In the entries below, begin at the line that has "Натуральный черный агат", stop after the line that has "Polished Indian Metal", and output those lines exactly with no pictures.

START SUPPLIED RECORDS

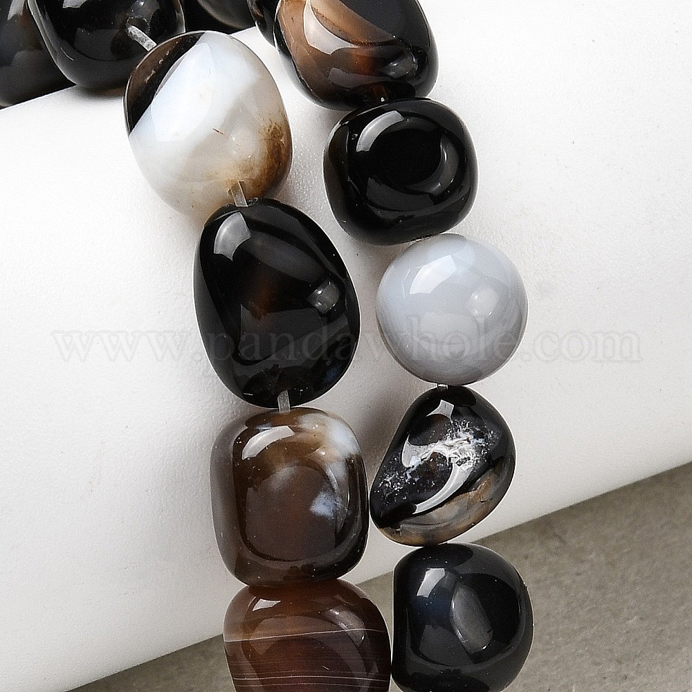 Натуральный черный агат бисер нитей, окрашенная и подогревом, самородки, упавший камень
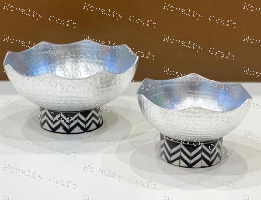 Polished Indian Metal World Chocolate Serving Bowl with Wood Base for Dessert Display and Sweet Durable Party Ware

END SUPPLIED RECORDS
START SUPPLIED RECORDS

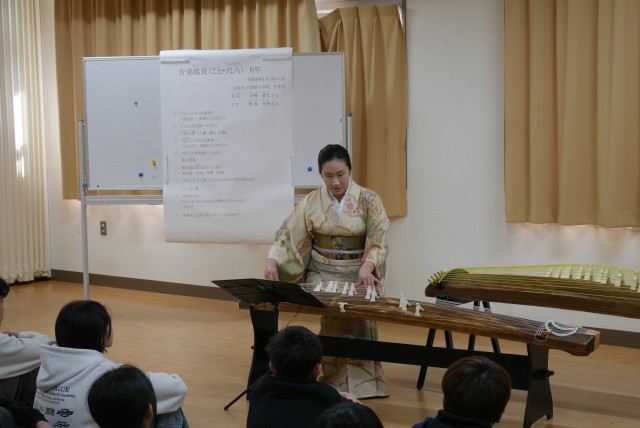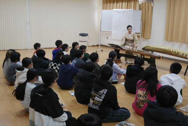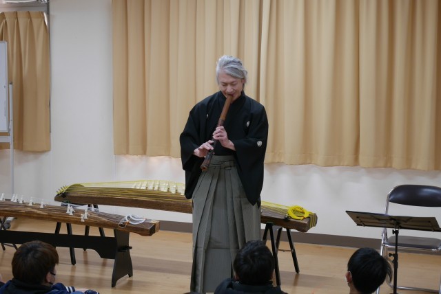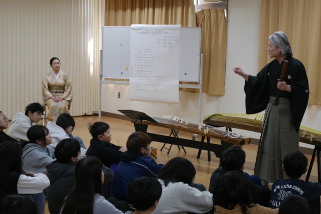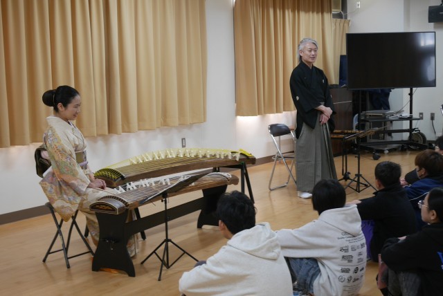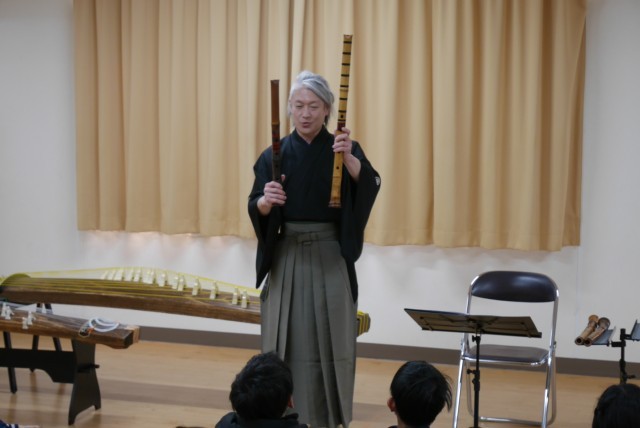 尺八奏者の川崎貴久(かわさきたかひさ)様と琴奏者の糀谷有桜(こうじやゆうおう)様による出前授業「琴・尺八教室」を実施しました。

END SUPPLIED RECORDS

▶ _EXERCISE SOLUTION_:
 Натуральный черный агат бисер нитей, окрашенная и подогревом, самородки, упавший камень
 Polished Indian Metal World Chocolate Serving Bowl with Wood Base for Dessert Display and Sweet Durable Party Ware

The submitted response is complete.